▸ Work instructions
Your copy should start at the line with "Sources of Errors" and end at the line with "enhance the open" in the data below. Transcribe only those lines, exactly, pictures excluded.
(Records supplied)
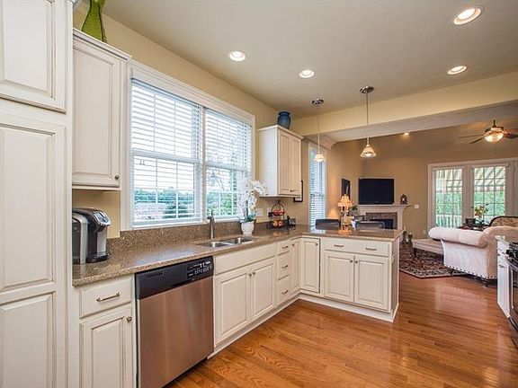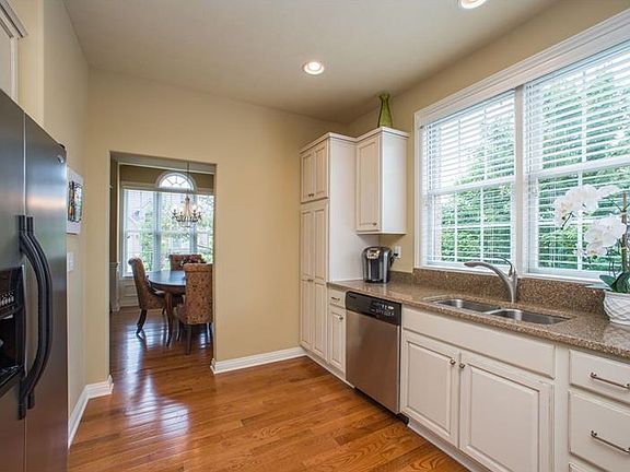 Amazing Patio Home in sought after Fields of Nicholson Community. Beautiful Hardwood flooring throughout the main living area and kitchen. Kitchen Features white cabinetry, granite countertops, stainless steel appliances including gas stove. Living room with gas fireplace opening to the private, covered deck with recently installed awning. Main floor master suite with jet spray tub/shower combo and walk-in closet. Great location in the community with tree-lined back yard. 2 Bedrooms upstairs with a TON of storage space and walk in closets, plus full bathroom. Full Finished Basement game room area w/ full bathroom, walk/out to covered patio and back yard. 4th Bedroom/Office located in the basement, as well as laundry and additional storage room areas. A must see...
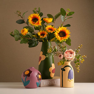 A set of artistic ceramic vases featuring hand-painted floral designs, blending earthy tones and vibrant accents for a lively and elegant decor.
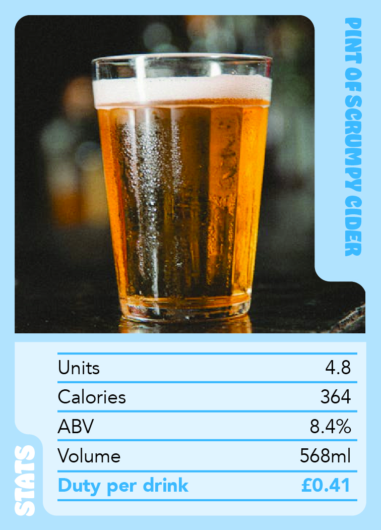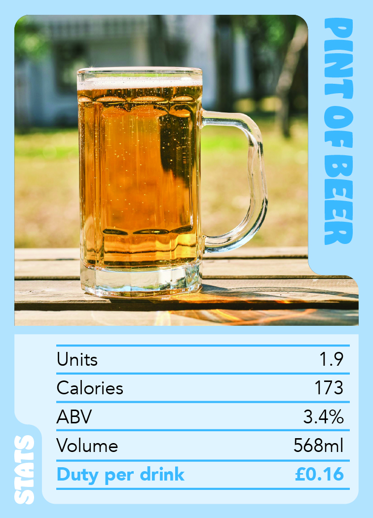 Choose your go-to drink(s) from the deck, and take a look at the unit count versus the amount of duty paid per unit. Compare two different drinks - cider with Scotch Whisky, for example. Very often, spirits come out lower in units, lower in volume and calories, but far higher in alcohol duty.
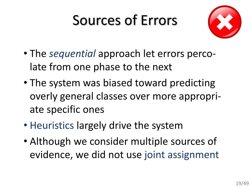 Sources of Errors The sequential approach let errors perco-late from one phase to the next The system was biased toward predicting overly general classes over more appropri-ate specific ones Heuristics largely drive the system Although we consider multiple sources of evidence, we did not use joint assignment
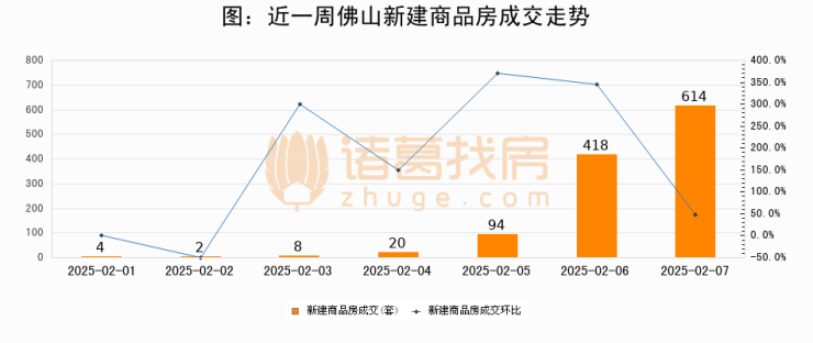 【佛山成交日报】02月07日新房成交614套、二手房360套;涨价房源1套
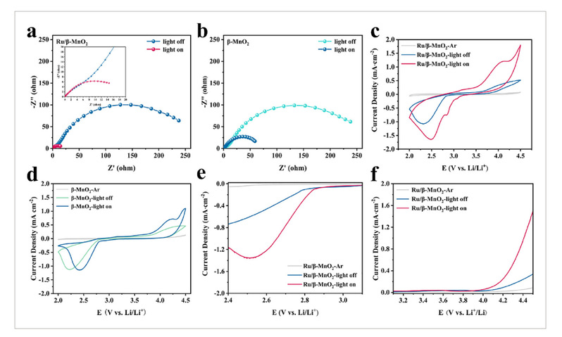 图4.a)Ru/β-MnO₂和b)β-MnO₂在有/无光照条件下的奈奎斯特图。c)Ru/β-MnO₂和d)β-MnO₂的CV曲线(扫描速率:0.1 mV s⁻¹)。e)ORR和f)OER的LSV曲线(Ru/β-MnO₂,扫描速率:0.1 mV s⁻¹)。
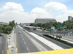 Mexico City Metrobús Line 1, inaugurated in 2005, runs on Avenida de los Insurgentes for 28.1 km, almost all of the avenue's length, from Indios Verdes to El Caminero.
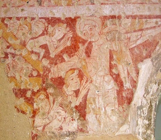 Наиболее хорошо сохранились редкие фрески на восточной стене храма – они изображают Страшный суд. Над алтарной аркой можно увидеть Пресвятую Троицу, справа от которой изображены души спасенных, а слева – осужденных грешников. Рядом сохранились изображенные фигуры 12 апостолов (или святых) со свитками, а также сцена воскресения мертвых.
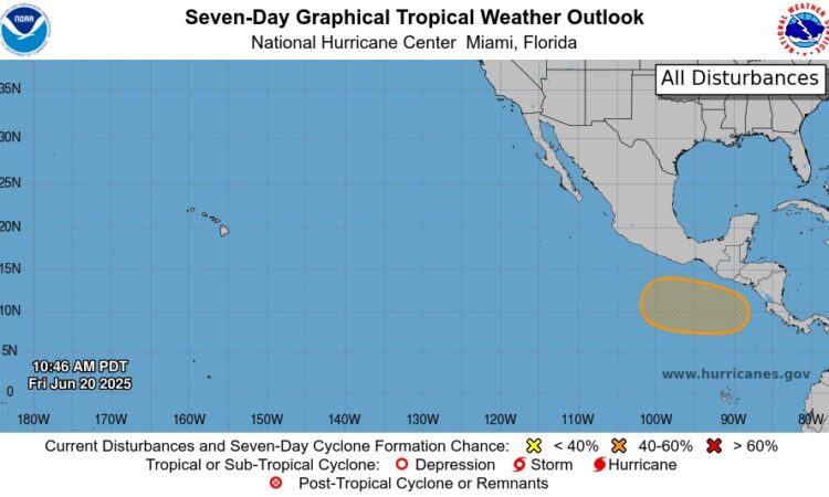 Oaxaca de Juárez, Oax. 20 de junio de 2025.- El Consejo Estatal de Protección Civil informa que, de acuerdo con el Centro Nacional de Huracanes de los Estados Unidos, se ha identificado una zona con potencial ciclónico frente a las costas de Centroamérica y el sur de México.
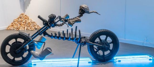 Marsha Pels, Dead Cowboy (2008), a portrait of a fossil in motion, a ghostly macho remainder, of swagger turned sinister. Cast epoxy resin, cast rubber, deconstructed motorcycle, steel, neon lights, argon-mercury text on wall, Lubov Gallery, 5 E Broadway #402
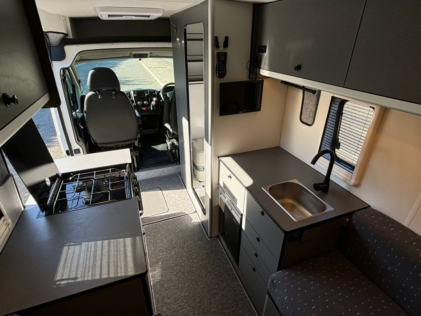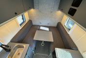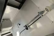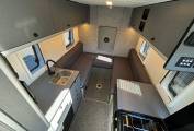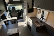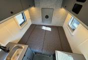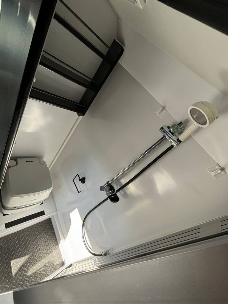 enhance the open feeling in the van. The washroom has a standing shower head
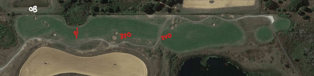 – Driver from the tee: If electing to use driver, the player has to navigate across the cart path to an area that is narrowing to just 45-yards between the bunker on the left and the Out-of-Bounds area right of the hole. If the player is successful on the drive, the second shot is still difficult to negotiate. Again, largely blind, and around 190 to carry the frontal bunkers that deter any ability for a player to run a ball on the green. Out-of-Bounds flanks tight to the right of the green, meaning a wiped fade to the a back pin is likely the last time the ball will be seen.
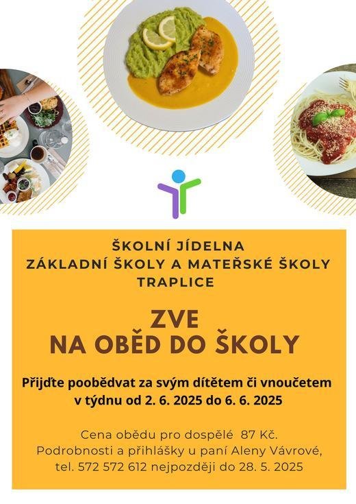 Školní jídelna Základní školy a Mateřské školy Traplice zve na oběd do školy.
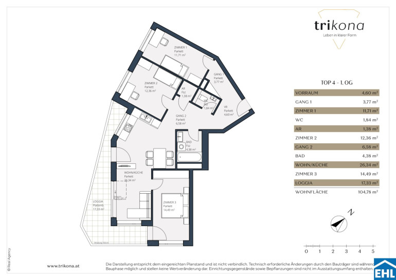 Die hochwertige Ausstattung des Projekts „Trikona“ und die energieeffiziente, innovative Holz-Hybrid-Bauweise spiegeln exzellentes Design und Qualität wider. Zeitlose Unterputzarmaturen der Firma Grohe sorgen für eine elegante Optik und praktische Nutzung. Das Weitzer Echtholzparkett schafft eine warme, natürliche Atmosphäre in den Räumen, während die moderne Smart Home Anlage das Wohnen komfortabel und intelligent macht – von der Steuerung der Beleuchtung bis hin zu Heizung und Sicherheitssystemen. Für Energieeffizienz sorgen eine Wärmepumpe mit Fußbodenheizung sowie eine innovative Kühlung via Roll Over System, die das ganze Jahr über für angenehme Temperaturen sorgt. Hochwertige Feinsteinfliesen im Badezimmer und in der Küche verleihen den Räumen einen eleganten, pflegeleichten Look. Echtholzböden ergänzen das harmonische Gesamtbild und unterstreichen die Qualität der Ausstattung. Besonders hervorzuheben ist, dass alle verwendeten Materialien, Marken und Subunternehmen aus Österreich stammen. Damit wird nicht nur höchste Qualität garantiert, sondern auch die lokale Wirtschaft nachhaltig unterstützt. Diese Kombination aus österreichischer Handwerkskunst, Ästhetik und Funktionalität macht das Wohnerlebnis in „Trikona“ einzigartig.
(End Records supplied)
▸ Answer space
 Sources of Errors The sequential approach let errors perco-late from one phase to the next The system was biased toward predicting overly general classes over more appropri-ate specific ones Heuristics largely drive the system Although we consider multiple sources of evidence, we did not use joint assignment
 【佛山成交日报】02月07日新房成交614套、二手房360套;涨价房源1套
 图4.a)Ru/β-MnO₂和b)β-MnO₂在有/无光照条件下的奈奎斯特图。c)Ru/β-MnO₂和d)β-MnO₂的CV曲线(扫描速率:0.1 mV s⁻¹)。e)ORR和f)OER的LSV曲线(Ru/β-MnO₂,扫描速率:0.1 mV s⁻¹)。
 Mexico City Metrobús Line 1, inaugurated in 2005, runs on Avenida de los Insurgentes for 28.1 km, almost all of the avenue's length, from Indios Verdes to El Caminero.
 Наиболее хорошо сохранились редкие фрески на восточной стене храма – они изображают Страшный суд. Над алтарной аркой можно увидеть Пресвятую Троицу, справа от которой изображены души спасенных, а слева – осужденных грешников. Рядом сохранились изображенные фигуры 12 апостолов (или святых) со свитками, а также сцена воскресения мертвых.
 Oaxaca de Juárez, Oax. 20 de junio de 2025.- El Consejo Estatal de Protección Civil informa que, de acuerdo con el Centro Nacional de Huracanes de los Estados Unidos, se ha identificado una zona con potencial ciclónico frente a las costas de Centroamérica y el sur de México.
 Marsha Pels, Dead Cowboy (2008), a portrait of a fossil in motion, a ghostly macho remainder, of swagger turned sinister. Cast epoxy resin, cast rubber, deconstructed motorcycle, steel, neon lights, argon-mercury text on wall, Lubov Gallery, 5 E Broadway #402
 enhance the open feeling in the van. The washroom has a standing shower head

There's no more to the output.